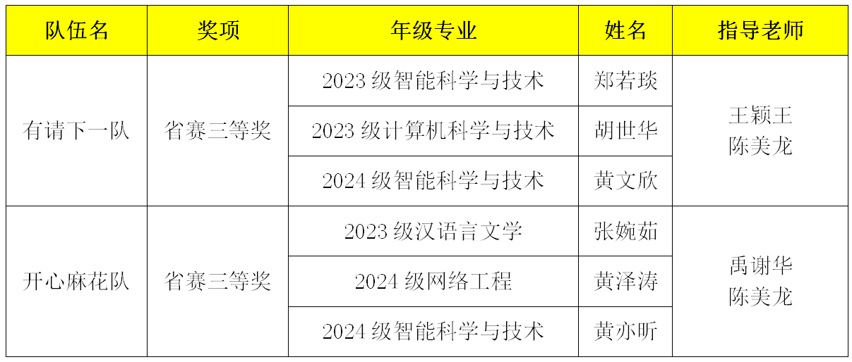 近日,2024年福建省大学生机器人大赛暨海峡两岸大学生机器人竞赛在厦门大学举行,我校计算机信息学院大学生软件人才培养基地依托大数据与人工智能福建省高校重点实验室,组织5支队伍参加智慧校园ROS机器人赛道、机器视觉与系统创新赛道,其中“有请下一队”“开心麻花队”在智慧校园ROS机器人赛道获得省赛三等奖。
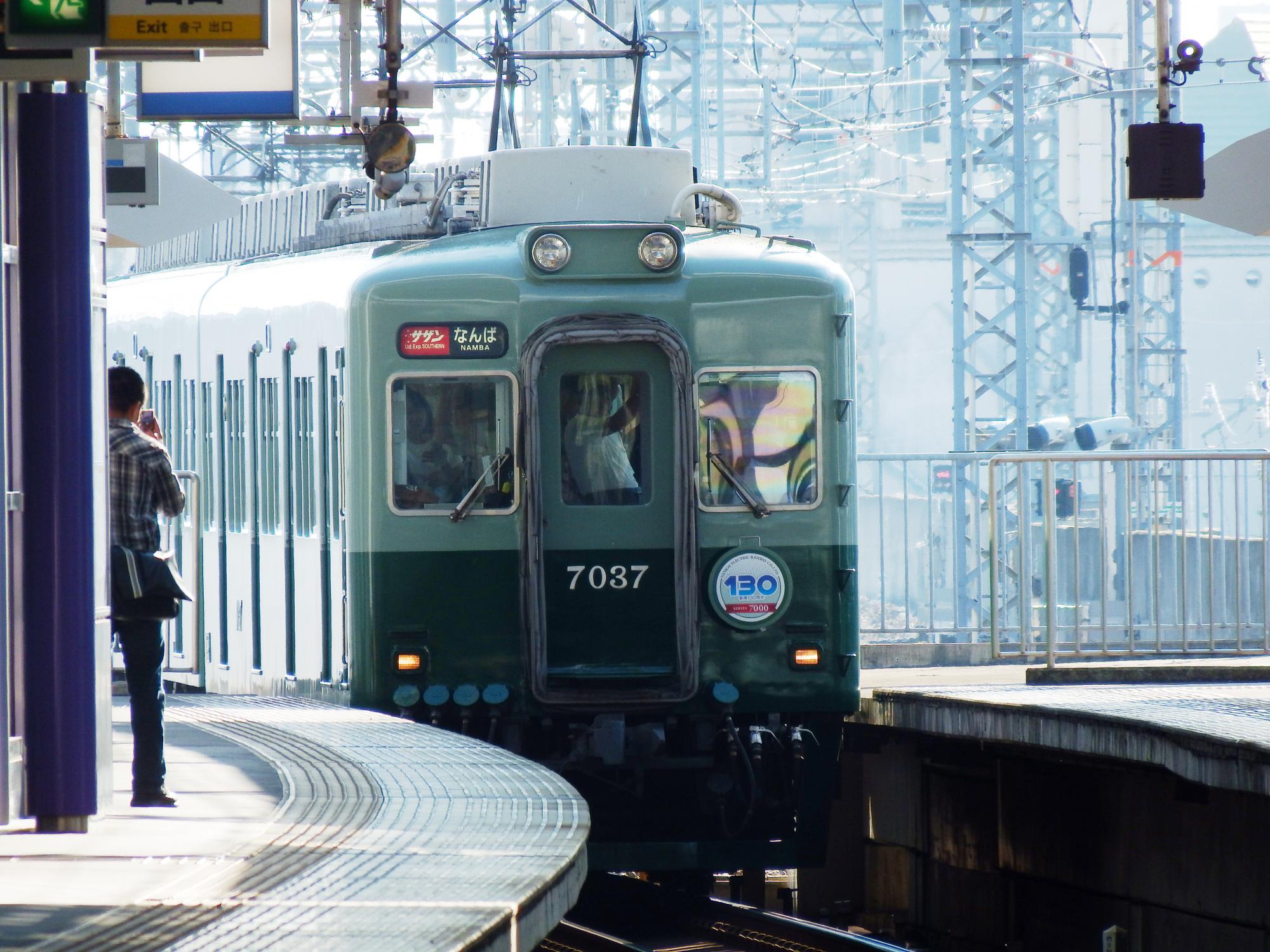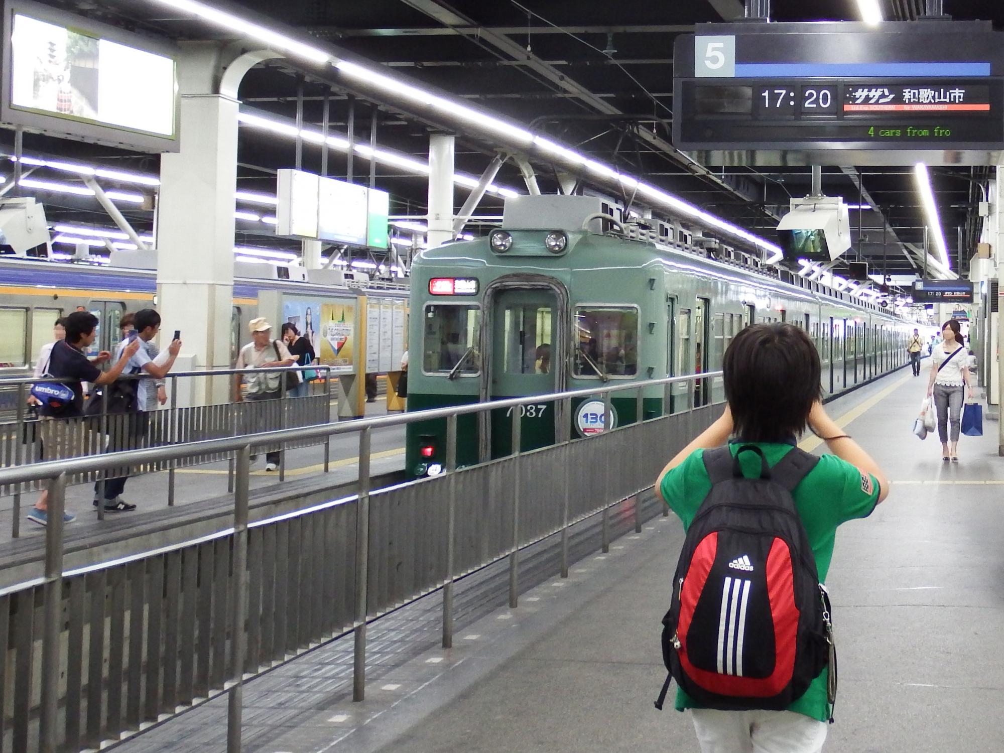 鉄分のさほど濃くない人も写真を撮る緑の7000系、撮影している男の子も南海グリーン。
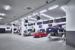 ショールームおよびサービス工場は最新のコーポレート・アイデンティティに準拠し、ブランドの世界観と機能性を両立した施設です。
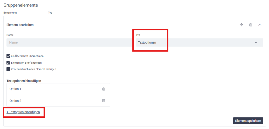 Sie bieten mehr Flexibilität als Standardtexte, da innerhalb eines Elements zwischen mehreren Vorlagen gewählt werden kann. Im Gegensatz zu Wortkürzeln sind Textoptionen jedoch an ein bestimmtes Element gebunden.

TRY IT: All of the material above is to be copied exactly, except for its images.

RESULT OF THIS TASK:
 近日,2024年福建省大学生机器人大赛暨海峡两岸大学生机器人竞赛在厦门大学举行,我校计算机信息学院大学生软件人才培养基地依托大数据与人工智能福建省高校重点实验室,组织5支队伍参加智慧校园ROS机器人赛道、机器视觉与系统创新赛道,其中“有请下一队”“开心麻花队”在智慧校园ROS机器人赛道获得省赛三等奖。
 鉄分のさほど濃くない人も写真を撮る緑の7000系、撮影している男の子も南海グリーン。
 ショールームおよびサービス工場は最新のコーポレート・アイデンティティに準拠し、ブランドの世界観と機能性を両立した施設です。
 Sie bieten mehr Flexibilität als Standardtexte, da innerhalb eines Elements zwischen mehreren Vorlagen gewählt werden kann. Im Gegensatz zu Wortkürzeln sind Textoptionen jedoch an ein bestimmtes Element gebunden.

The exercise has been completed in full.